Servidor de contraseñas
Objetivo: tener un servidor web donde almacenar de forma segura todas nuestras cuentas online de forma que centralicemos la gestión de las cuentas y podamos consultar los usuarios/password e incluso crear/modificar/eliminar cuentas desde el propio servidor, cliente de escritorio o Android/iOS app.
Requisitos:
- KeepassX o Keepass2
- Apache2
- WebDav
- Keeweb
Dispositivos/Servidores:
- PC/Desktop (cliente1)
- Smartphone (cliente2)
- Servidor Ubuntu (password server)
kdbx: base de datos de contraseñas
Instalación Keepass en un cliente de escritorio:
$ sudo apt update && apt install keepassx
$ keepassx
Base de datos > Nueva base de datos > contraseña > repite_contraseña > Aceptar
En este punto podemos o crear una contraseña fuerte o un archivo de claves. En mi caso he optado por una contraseña fuerte.
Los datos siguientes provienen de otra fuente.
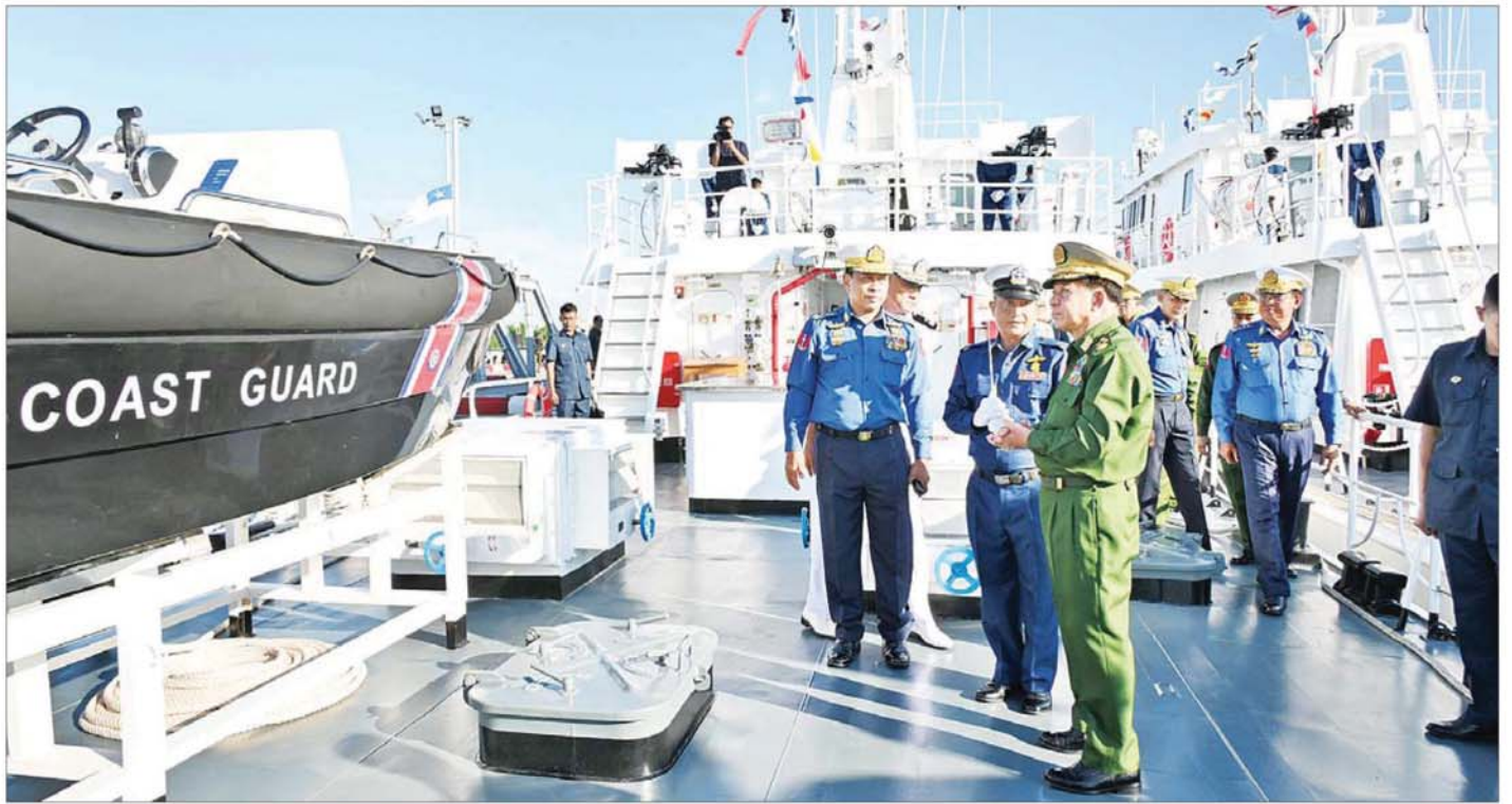
နိုင်ငံတော်စီမံအုပ်ချုပ်ရေးကောင်စီဥက္ကဋ္ဌ တပ်မတော်ကာကွယ်ရေးဦးစီးချုပ် ဗိုလ်ချုပ်မှူးကြီး မင်းအောင်လှိုင်နှင့်အဖွဲ့ဝင်များ တပ်တော်ဝင်ရေယာဉ်များဖြစ်သော ၄၈ ဗီတာ အမြန်သွားကင်းလှည့်ရေယာဉ် လေးစင်းအား လှည့်လည်ကြည့်ရှုစဉ်။
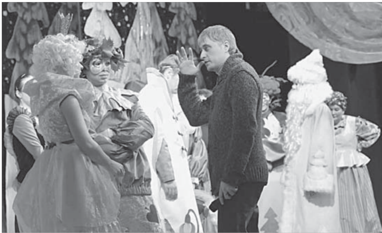
Последние наставления актерам перед премьерой
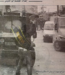
من المظاهرات من جيش الاحتلال الإسرائيلي

■ بدأت قوات الاحتلال الإسرائيلي (١٨٤) حملة عسكرية واسعة على مخيم شعفاط بمدينة القدس، وذلك وبمساعدة قوات من حرس الجوود الإسرائيلي المطلة على المخيم، وذلك وبمساعدة قوات من حرس الجوود الإسرائيلي المطلة على المخيم، وذلك وبمساعدة قوات من حرس الجوود الإسرائيلي المطلة على المخيم، وذلك وبمساعدة قوات من حرس
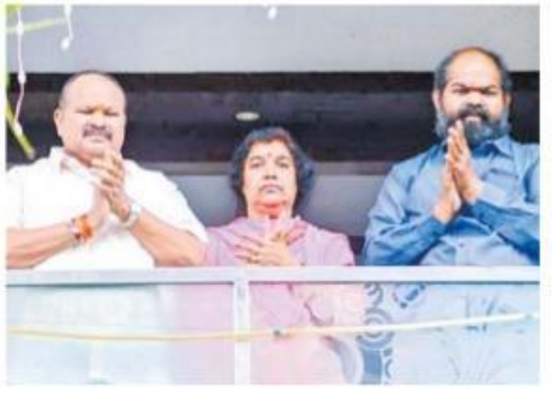
కరోనా నివారణకు కృషిచేస్తున్న వారికి కన్నా ఇలా మద్దతు!
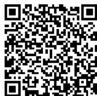
【事業に関するページ】

農林水産省 大臣官房新事業・食品産業部 食品流通課 物流生産性向上推進室 東京都千代田区霞が関1-2-1 TEL 03-6744-2389 または、最寄りの各地方農政局等にお問い合わせください。

Prefiero recordar una buena contraseña que andar con un archivo de llave que tendré que tener en el móvil, en el PC, en la nube y al final o lo pierdes o te lo roban, a saber…
Ahora tendremos que crear nuestras cuentas dándole la estructura jerárquica que queramos a nuestras carpetas dentro de la base de datos
Por último guardamos la base de datos como archivo .kdbx (ej: mis_cuentas_online.kdbx)
Servidor
Ya tenemos nuestra base de datos local, ahora vamos a crear un servidor web desde el que poder gestionar este archivo de forma centralizada.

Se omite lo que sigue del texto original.